--- START ---

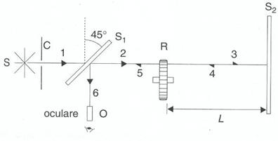 L dalla ruota R, il raggio di luce ritornerà su se stesso e, dopo una nuova
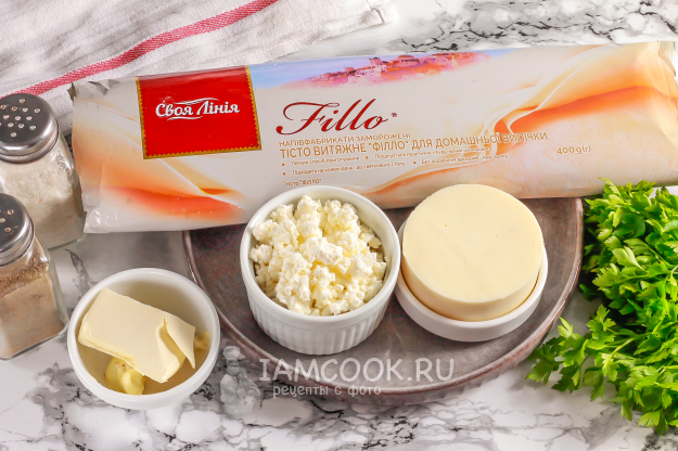Подготовьте необходимые ингредиенты для создания румяных хачапури из теста фило с сыром на сковороде.
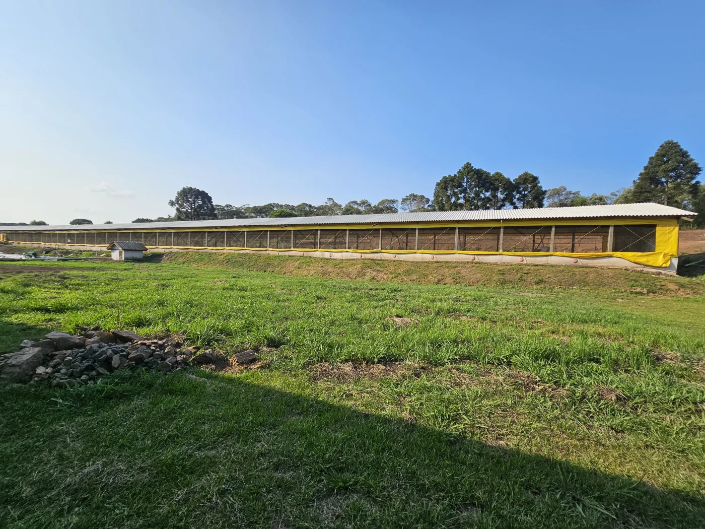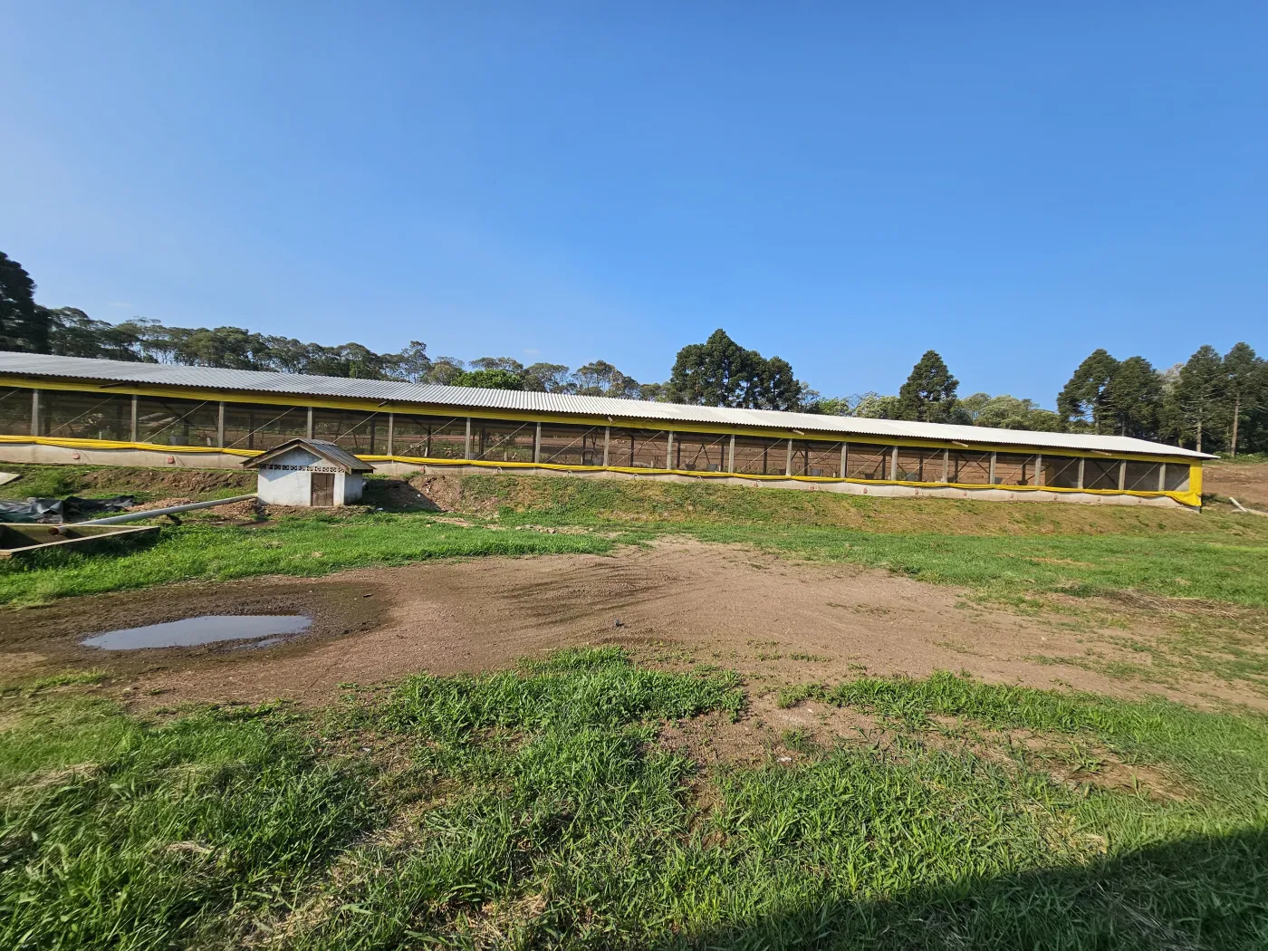 Infraestrutura Completa: Galpões prontos, com instalações adequadas que atendem a todas as exigências de sanidade e bem-estar animal.
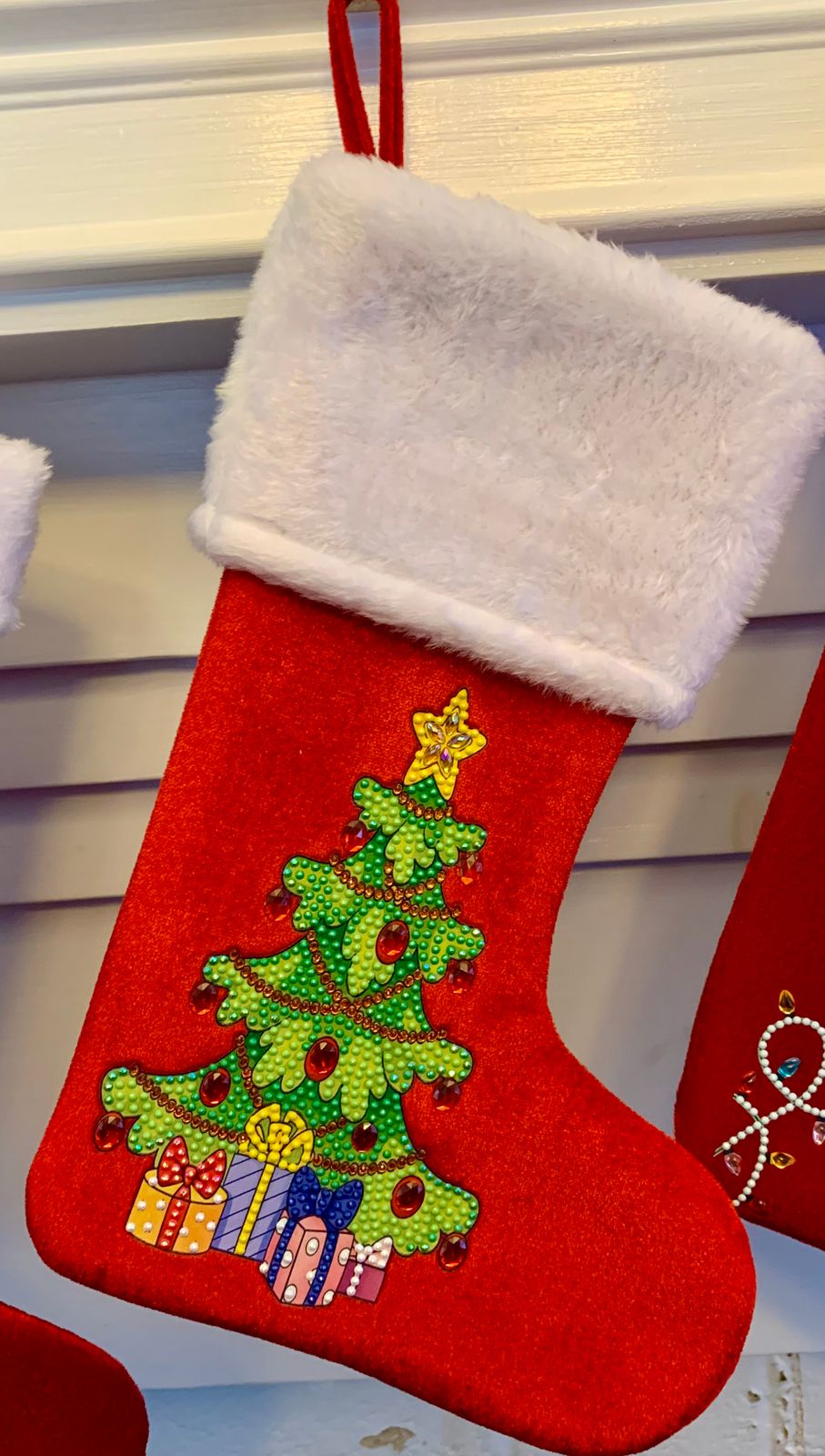 Hang up this festive stocking adorned with a sparkling Christmas tree and watch the holiday magic unfold! It's the perfect touch to bring cheer and delight to your holiday decor.
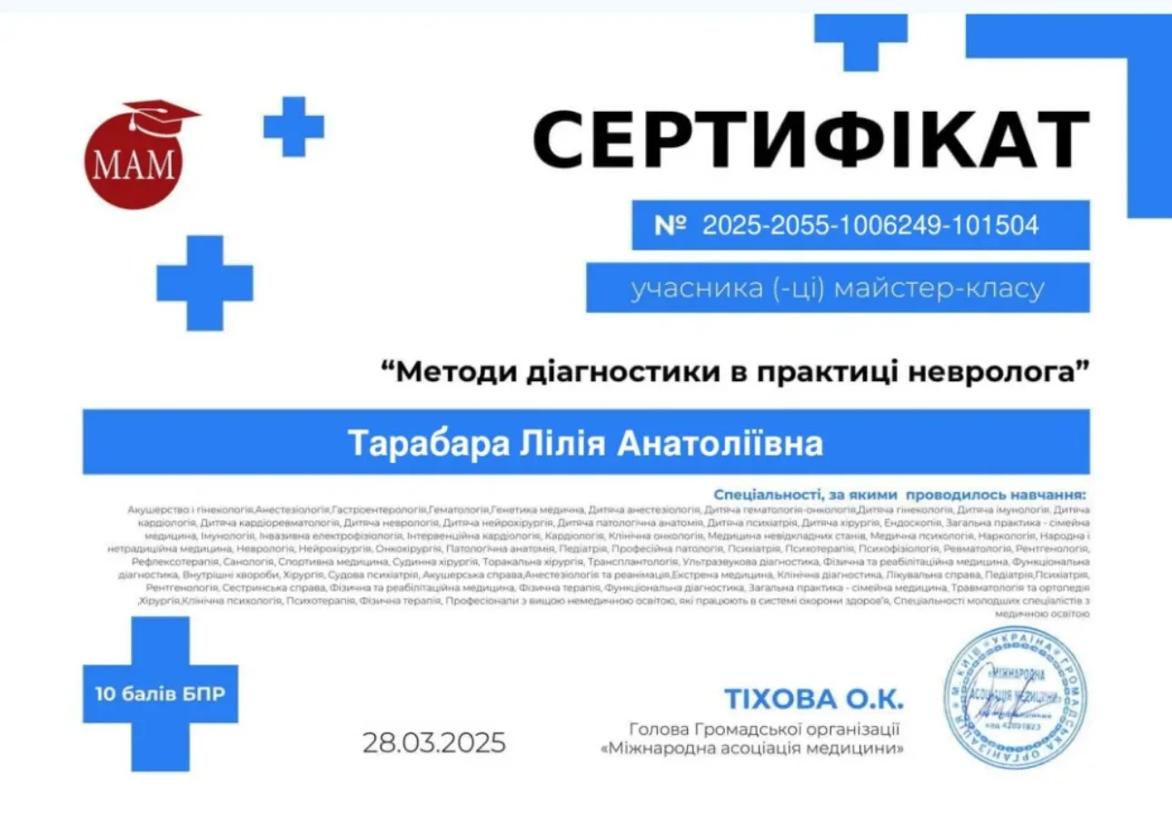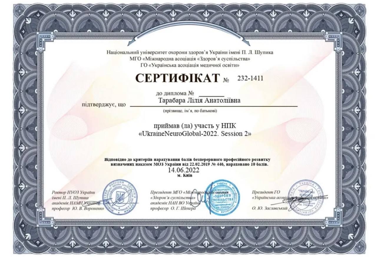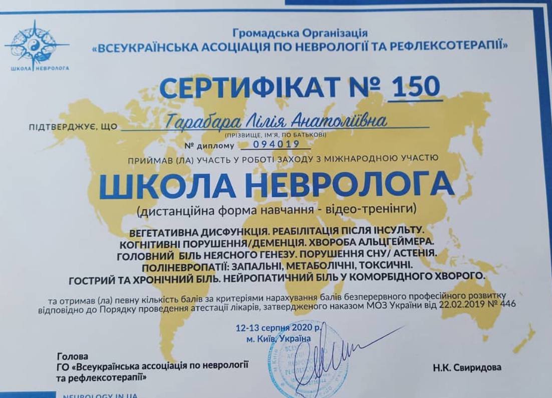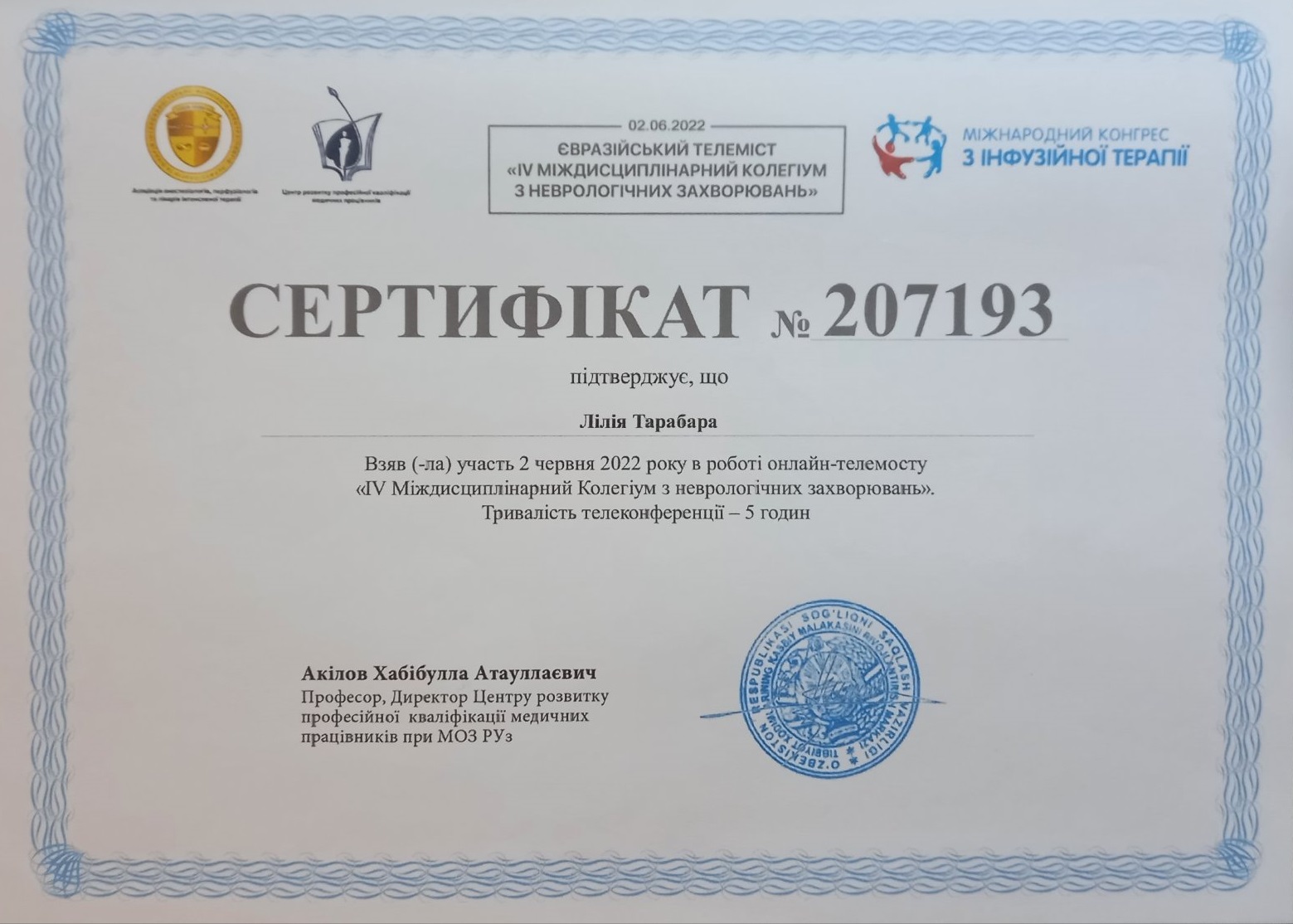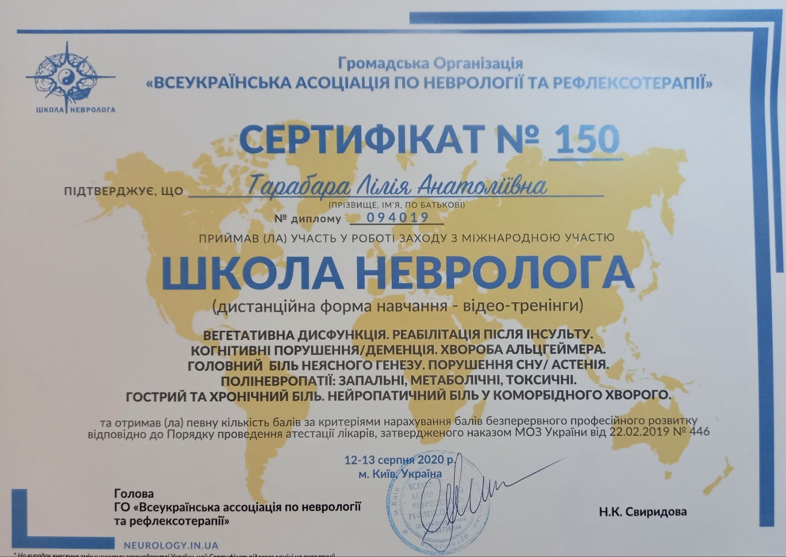 - 2017 р. – ДЗ “Дніпропетровська медична академія” МОЗ України, спеціалізація “Неврологія”.
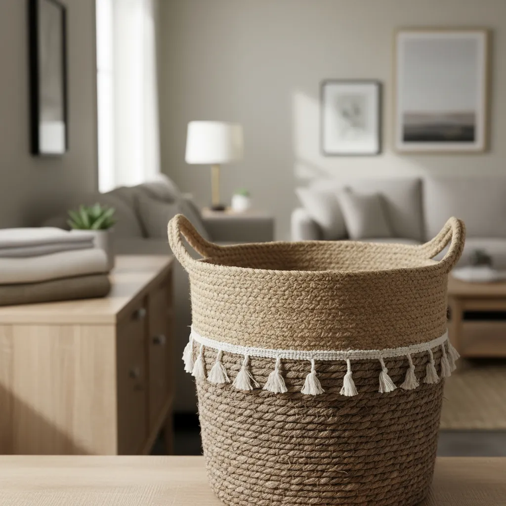 Mantener en un lugar seco para preservar la forma y durabilidad del yute.
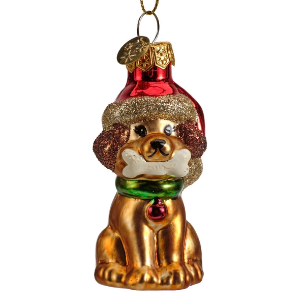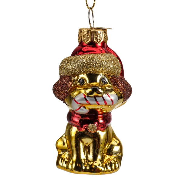 - Bombka szklana 1sztuka Pies złoty/biały/brąz 3wzory 7cm
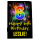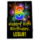 Este divertido, emocionante y colorido diseño de bolsos de regalo con temática de cumpleaños presenta un gran número de "6" con un patrón inspirado en el gradiente del espectro del arco iris, junto con el mensaje "Feliz sexto cumpleaños", y un nombre de destinatario del personalizable. También presenta un colorido patrón de fondo inspirado en la apariencia de los fuegos artificiales de celebración que estallan. Una bolsa de regalo con tema de cumpleaños como esta puede ser una manera divertida de envolver un regalo o un regalo para celebrar el sexto cumpleaños de alguien. [~Z0000509]
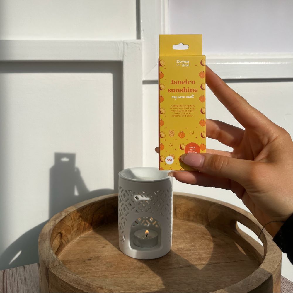 We use as little plastic as possible at Devon Wick. Which is why all of our wax melts are packaged in recyclable cardboard boxes.
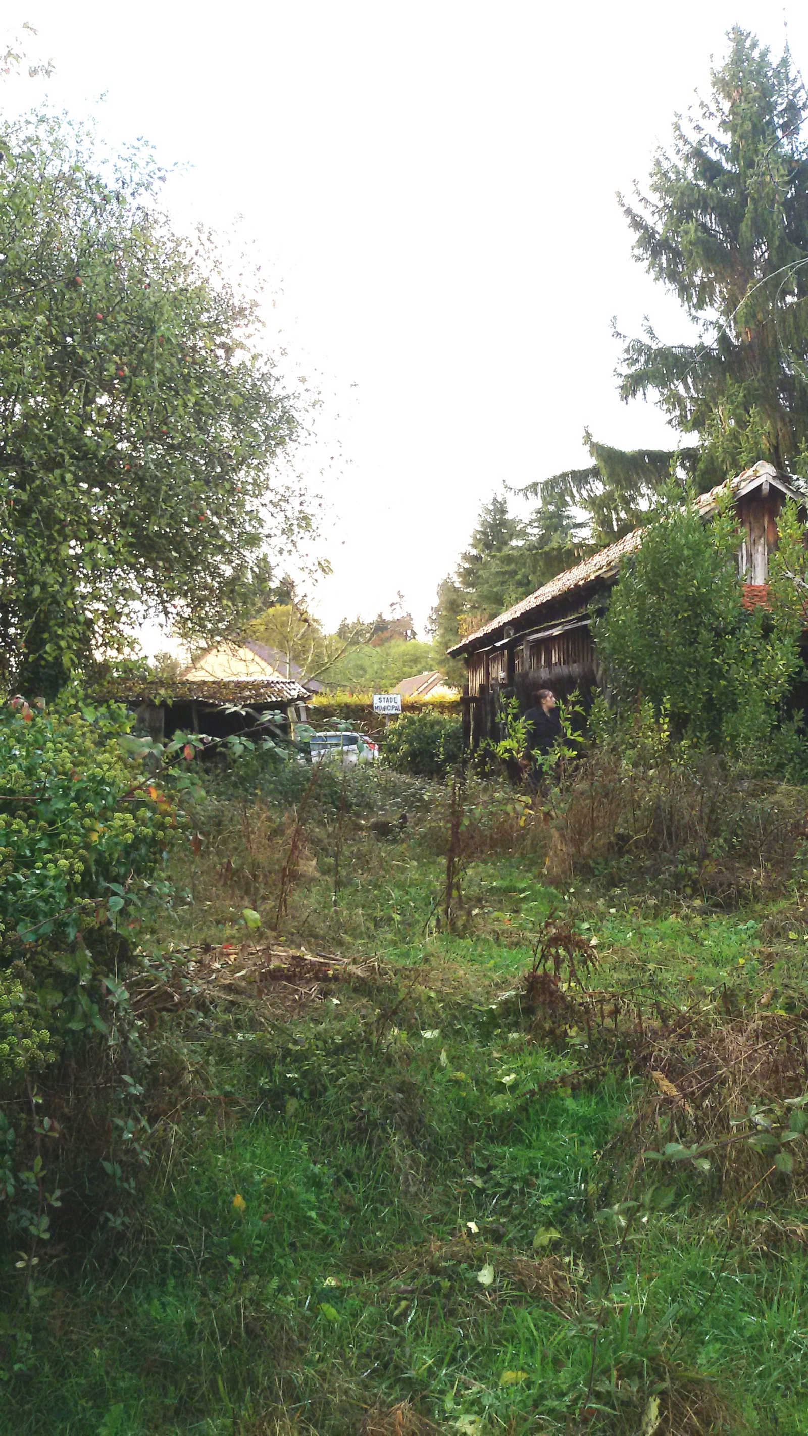 Parcelle de terrain constructible : longe de jardin exposée EST/OUEST avec petit grange en bois, entrourée de jardins

--- END ---

**EXERCISE DIRECTIONS**
Could you repeat every record exactly as written, with the pictures left out?

**SOLUTION TO THE PROBLEM**
 L dalla ruota R, il raggio di luce ritornerà su se stesso e, dopo una nuova
Подготовьте необходимые ингредиенты для создания румяных хачапури из теста фило с сыром на сковороде.
 Infraestrutura Completa: Galpões prontos, com instalações adequadas que atendem a todas as exigências de sanidade e bem-estar animal.
 Hang up this festive stocking adorned with a sparkling Christmas tree and watch the holiday magic unfold! It's the perfect touch to bring cheer and delight to your holiday decor.
 - 2017 р. – ДЗ “Дніпропетровська медична академія” МОЗ України, спеціалізація “Неврологія”.
 Mantener en un lugar seco para preservar la forma y durabilidad del yute.
 - Bombka szklana 1sztuka Pies złoty/biały/brąz 3wzory 7cm
 Este divertido, emocionante y colorido diseño de bolsos de regalo con temática de cumpleaños presenta un gran número de "6" con un patrón inspirado en el gradiente del espectro del arco iris, junto con el mensaje "Feliz sexto cumpleaños", y un nombre de destinatario del personalizable. También presenta un colorido patrón de fondo inspirado en la apariencia de los fuegos artificiales de celebración que estallan. Una bolsa de regalo con tema de cumpleaños como esta puede ser una manera divertida de envolver un regalo o un regalo para celebrar el sexto cumpleaños de alguien. [~Z0000509]
 We use as little plastic as possible at Devon Wick. Which is why all of our wax melts are packaged in recyclable cardboard boxes.
 Parcelle de terrain constructible : longe de jardin exposée EST/OUEST avec petit grange en bois, entrourée de jardins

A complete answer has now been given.